------ SOURCE MATERIAL

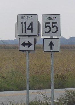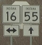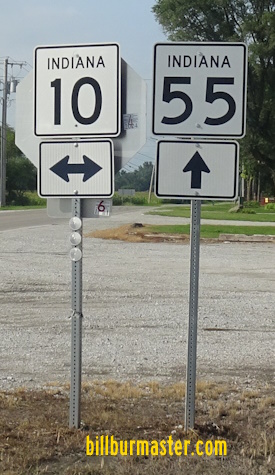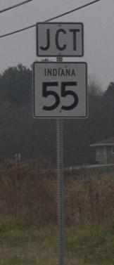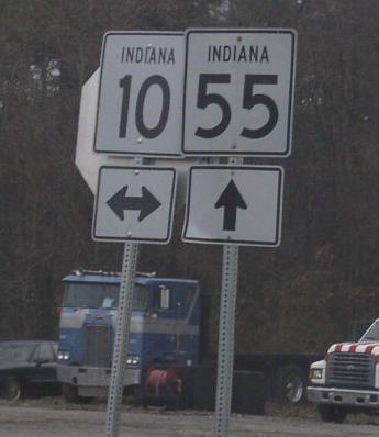 NB IN St Rt 55 south of the Lake/Newton County Line. NB IN St Rt 55 south of Thayer. A junction marker on EB IN St Rt 10. A junction marker on EB IN St Rt 10. SB IN St Rt 55 north of Mount Ayr. SB IN St Rt 55 south of Mount Ayr. SB IN St Rt 55 near Goodland. WB U.S. Rt. 24/SB IN St Rt 55 near Goodland. EB U.S. Rt. 24/NB IN St Rt 55 east of Goodland. SB IN St Rt 55 south of U.S. Rt. 24.
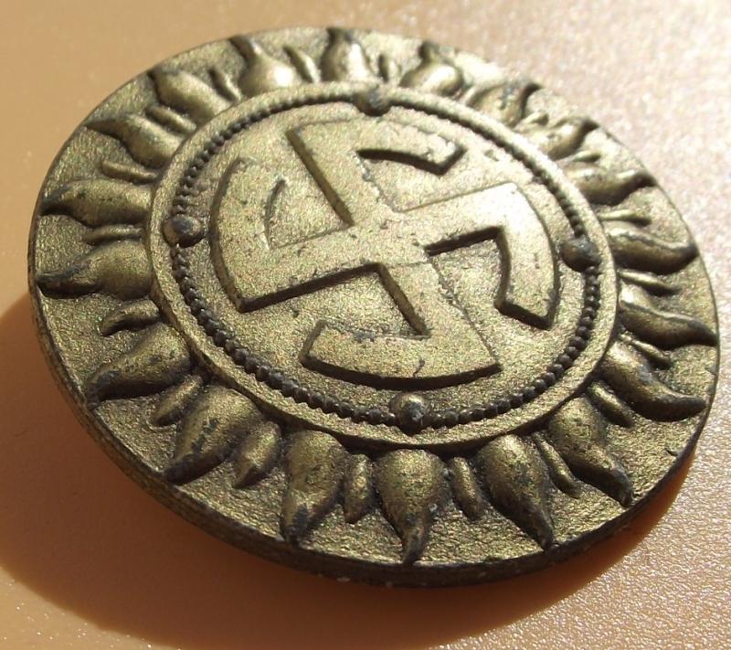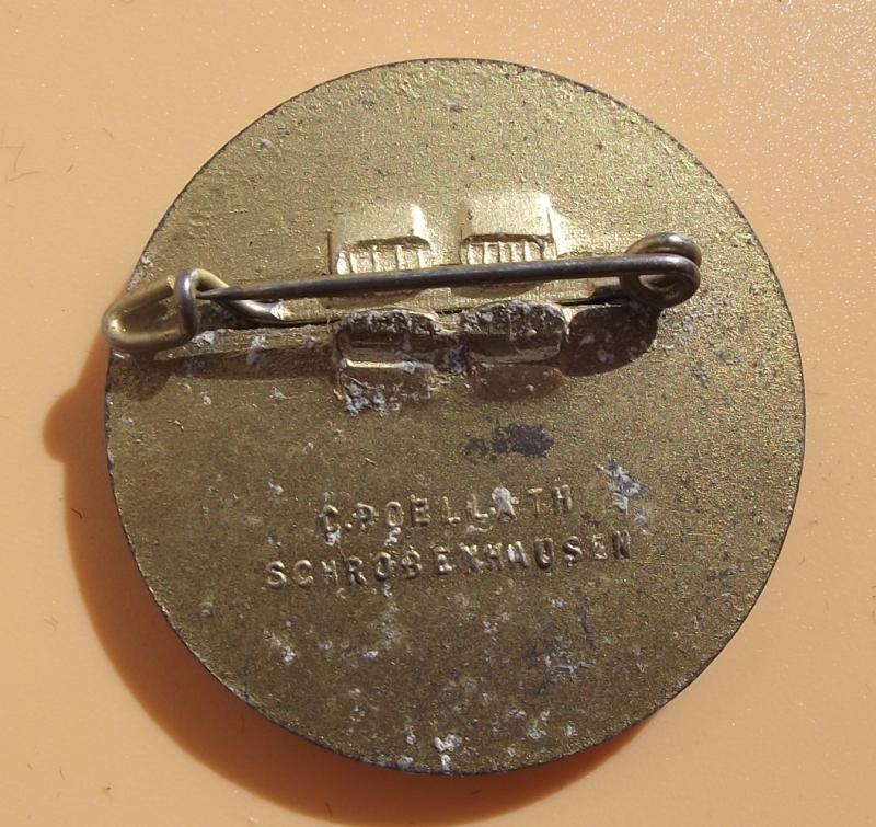 Zinc manufactured event badge with close to 100% of its period finish, rear has its period fixing pin and makers details.
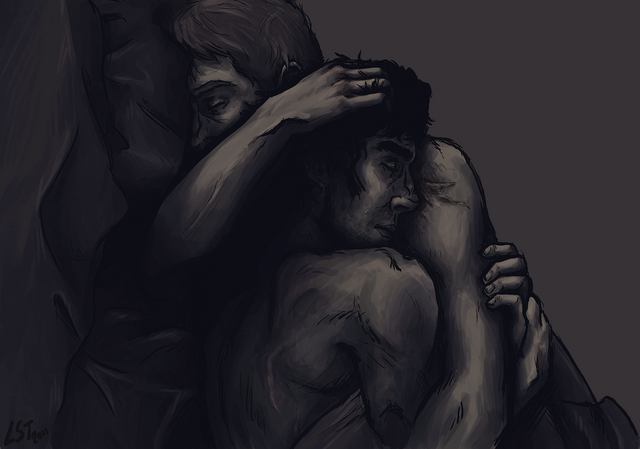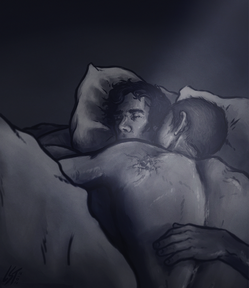 This is absolutely breathtaking. I've never commented on DA before, I don't think, and I might not again, but I had to let you know that this drawing makes my heart *ache* for someone to hold like that; for someone to hold me like that. It's beautiful, how the blanket is just folding around them to keep the world out of their orbits, and ugh. Oh god. *crying grossly* Thank you.
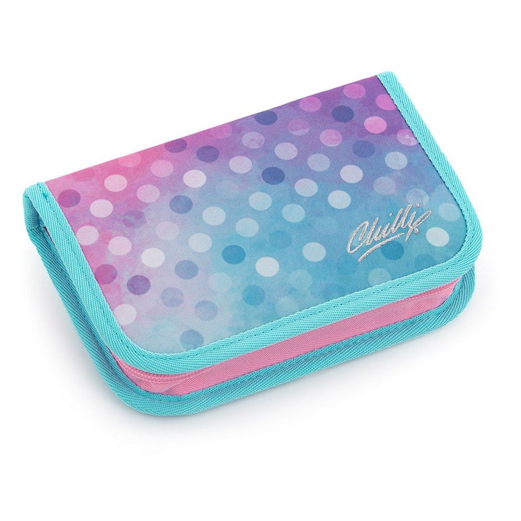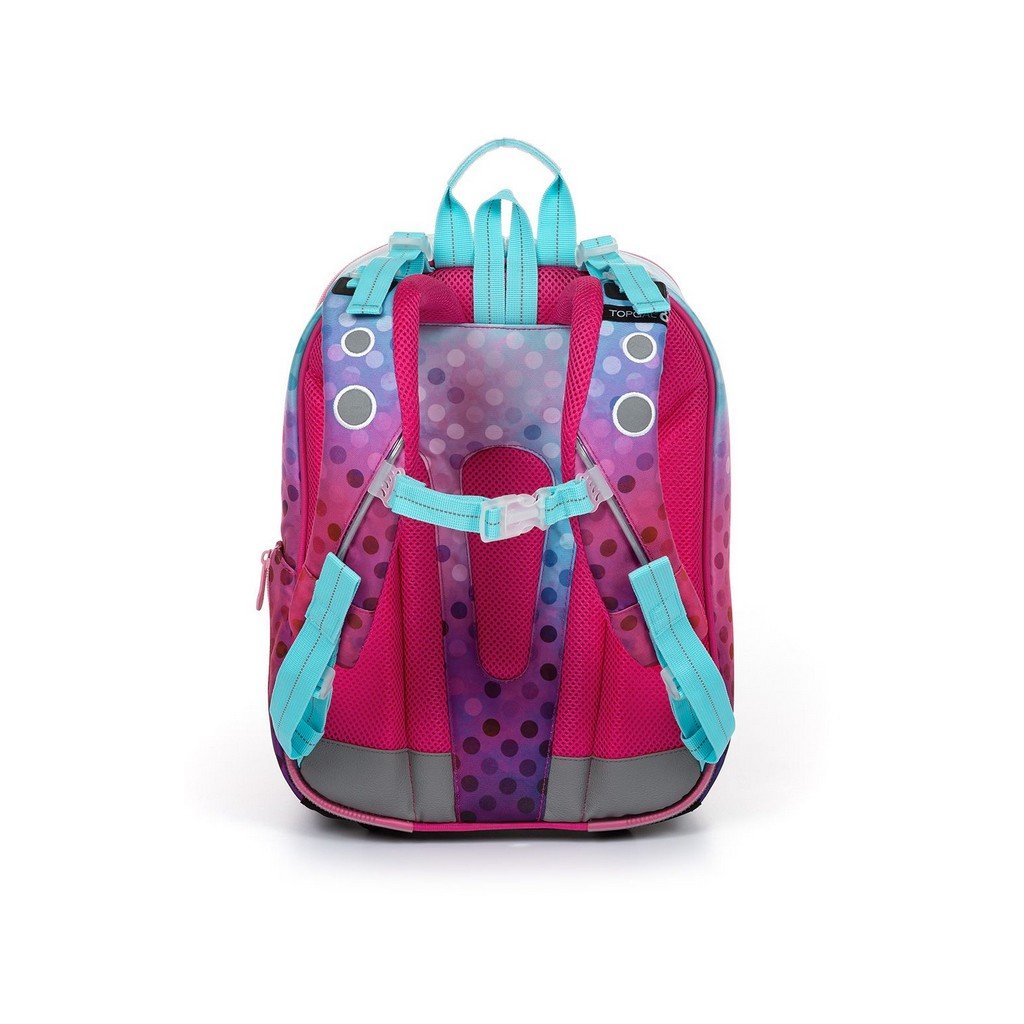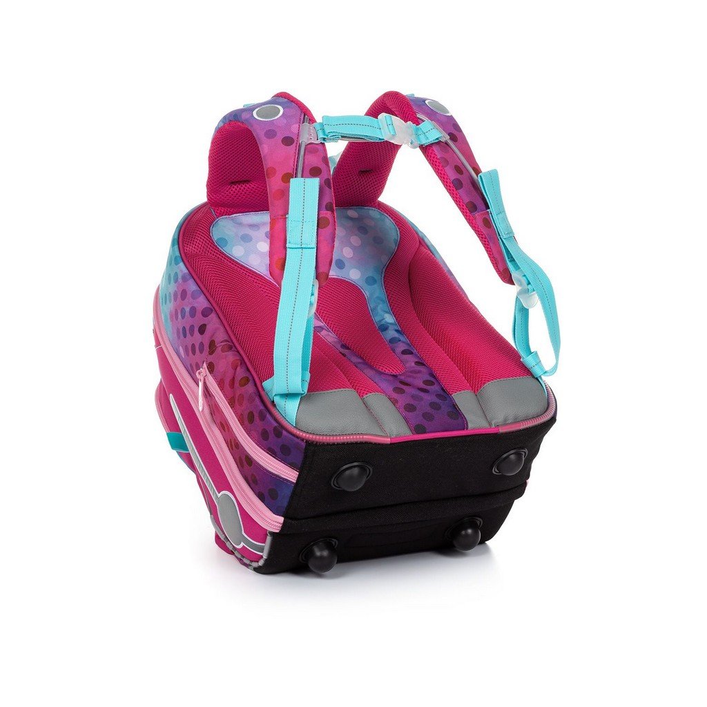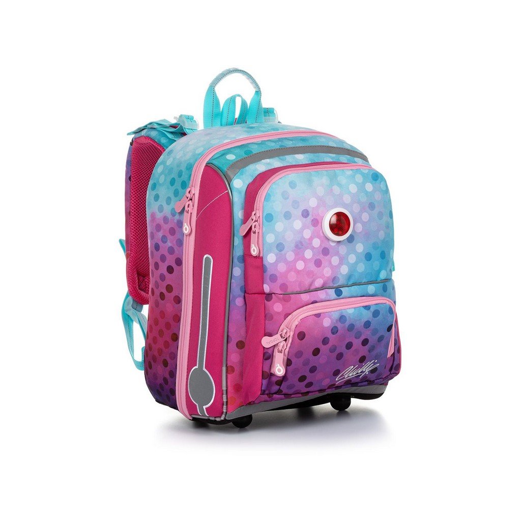 SET Taška a peračník: Školská taška pre najmenšíe školáčky s blikačkou na prednom vrecku a prehľadným jednokomorovým členením. Veľkosťou vhodná pre tie najdrobnejšie dievčatá do 1. - 2. triedy základných škôl. Navyše vždy aktuálny dizajn s obľúbenými bodkami.
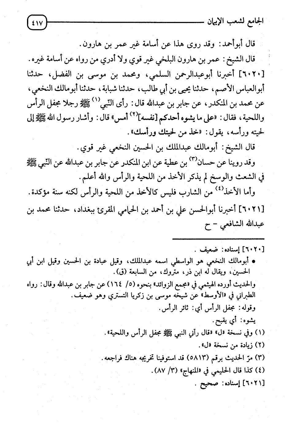 6020 - أَخْبَرَنَا أَبُو عَبْدِ الرَّحْمَنِ السُّلَمِيُّ، وَمُحَمَّدُ بْنُ مُوسَى بْنِ الْفَضْلِ، ثَنَا أَبُو الْعَبَّاسِ الْأَصَمُّ، ثَنَا يَحْيَى بْنُ أَبِي طَالِبٍ، ثَنَا شَبَابَةُ، أَنَا أَبُو مَالِكٍ النَّخَعِيُّ، عَنْ مُحَمَّدِ بْنِ الْمُنْكَدِرِ، عَنْ جَابِرِ بْنِ عَبْدِ اللهِ، قَالَ: رَأَى النَّبِيُّ صَلَّى اللَّهُ عَلَيْهِ وَسَلَّمَ رَجُلًا مُجَفَّلٌ الرَّأْسِ وَاللِّحْيَةِ فَقَالَ: " عَلَى مَا شَوَّهَ أَحَدُكُمْ أَمْسِ؟ " قَالَ: وَأَشَارَ النَّبِيُّ صَلَّى اللَّهُ عَلَيْهِ وَسَلَّمَ إِلَى لِحْيَتِهِ وَرَأْسِهِ يَقُولُ: " §خُذْ مِنْ لِحْيَتِكَ وَرَأْسِكَ " قَالَ الشَّيْخُ: " أَبُو مَالِكٍ عَبْدُ الْمَلِكِ بْنُ الْحُسَيْنِ النَّخَعِيُّ غَيْرُ قَوِيٍّ وَقَدْ رَوَيْنَا عَنْ حَسَّانِ بْنِ عَطِيَّةَ، عَنِ ابْنِ الْمُنْكَدِرِ، عَنْ جَابِرِ بْنِ عَبْدِ اللهِ، عَنِ النَّبِيِّ صَلَّى اللَّهُ عَلَيْهِ وَسَلَّمَ فِي الشَّعَثِ وَالْوَسَخِ لَمْ يَذْكُرِ الْأَخْذَ مِنَ اللِّحْيَةِ وَالرَّأْسِ وَاللهُ أَعْلَمُ، وَأَمَّا الْأَخْذُ مِنَ الشَّارِبِ فَلَيْسَ كَالْأَخْذِ مِنَ اللِّحْيَةِ وَالرَّأْسِ لَكِنَّهُ سُنَّةٌ مُؤَكَّدَةٌ "
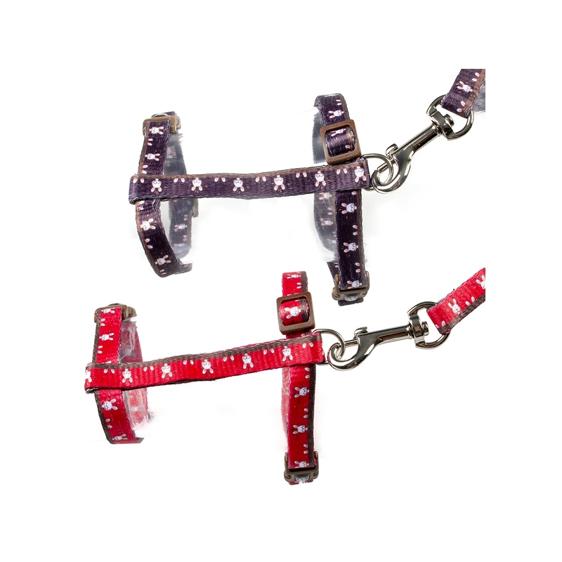 Tento pohodlný postroj lze nastavit tak, aby se perfektně přizpůsobil velikosti králíka. Je ušitý tak, aby optimálně rozložil tlak na tělo zvířete. Postroj má zapínání na přezky a vodítko je opatřeno dostatečně pevnou karabinou.
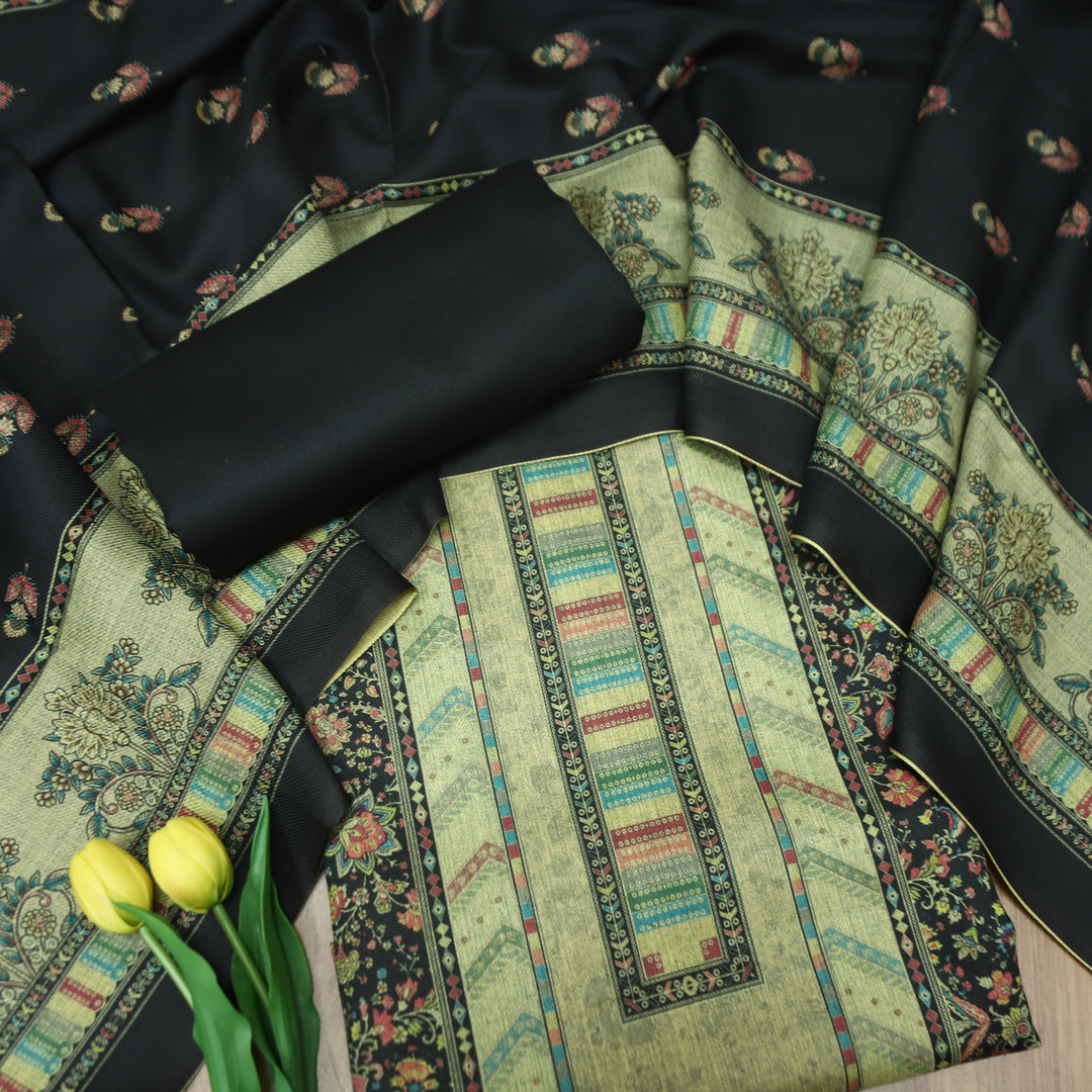 Kanya Shadow Black Digital Floral Printed Semi Pashmina Winter Suit Set

------------

**WORK ITEM**: When you reach the line with "Zinc manufactured event" in the records above, begin repeating the lines exactly, and stop after the line with "Tento pohodlný postroj". Skip all pictures.

**SOLVED PROBLEM**:
 Zinc manufactured event badge with close to 100% of its period finish, rear has its period fixing pin and makers details.
 This is absolutely breathtaking. I've never commented on DA before, I don't think, and I might not again, but I had to let you know that this drawing makes my heart *ache* for someone to hold like that; for someone to hold me like that. It's beautiful, how the blanket is just folding around them to keep the world out of their orbits, and ugh. Oh god. *crying grossly* Thank you.
 SET Taška a peračník: Školská taška pre najmenšíe školáčky s blikačkou na prednom vrecku a prehľadným jednokomorovým členením. Veľkosťou vhodná pre tie najdrobnejšie dievčatá do 1. - 2. triedy základných škôl. Navyše vždy aktuálny dizajn s obľúbenými bodkami.
 6020 - أَخْبَرَنَا أَبُو عَبْدِ الرَّحْمَنِ السُّلَمِيُّ، وَمُحَمَّدُ بْنُ مُوسَى بْنِ الْفَضْلِ، ثَنَا أَبُو الْعَبَّاسِ الْأَصَمُّ، ثَنَا يَحْيَى بْنُ أَبِي طَالِبٍ، ثَنَا شَبَابَةُ، أَنَا أَبُو مَالِكٍ النَّخَعِيُّ، عَنْ مُحَمَّدِ بْنِ الْمُنْكَدِرِ، عَنْ جَابِرِ بْنِ عَبْدِ اللهِ، قَالَ: رَأَى النَّبِيُّ صَلَّى اللَّهُ عَلَيْهِ وَسَلَّمَ رَجُلًا مُجَفَّلٌ الرَّأْسِ وَاللِّحْيَةِ فَقَالَ: " عَلَى مَا شَوَّهَ أَحَدُكُمْ أَمْسِ؟ " قَالَ: وَأَشَارَ النَّبِيُّ صَلَّى اللَّهُ عَلَيْهِ وَسَلَّمَ إِلَى لِحْيَتِهِ وَرَأْسِهِ يَقُولُ: " §خُذْ مِنْ لِحْيَتِكَ وَرَأْسِكَ " قَالَ الشَّيْخُ: " أَبُو مَالِكٍ عَبْدُ الْمَلِكِ بْنُ الْحُسَيْنِ النَّخَعِيُّ غَيْرُ قَوِيٍّ وَقَدْ رَوَيْنَا عَنْ حَسَّانِ بْنِ عَطِيَّةَ، عَنِ ابْنِ الْمُنْكَدِرِ، عَنْ جَابِرِ بْنِ عَبْدِ اللهِ، عَنِ النَّبِيِّ صَلَّى اللَّهُ عَلَيْهِ وَسَلَّمَ فِي الشَّعَثِ وَالْوَسَخِ لَمْ يَذْكُرِ الْأَخْذَ مِنَ اللِّحْيَةِ وَالرَّأْسِ وَاللهُ أَعْلَمُ، وَأَمَّا الْأَخْذُ مِنَ الشَّارِبِ فَلَيْسَ كَالْأَخْذِ مِنَ اللِّحْيَةِ وَالرَّأْسِ لَكِنَّهُ سُنَّةٌ مُؤَكَّدَةٌ "
 Tento pohodlný postroj lze nastavit tak, aby se perfektně přizpůsobil velikosti králíka. Je ušitý tak, aby optimálně rozložil tlak na tělo zvířete. Postroj má zapínání na přezky a vodítko je opatřeno dostatečně pevnou karabinou.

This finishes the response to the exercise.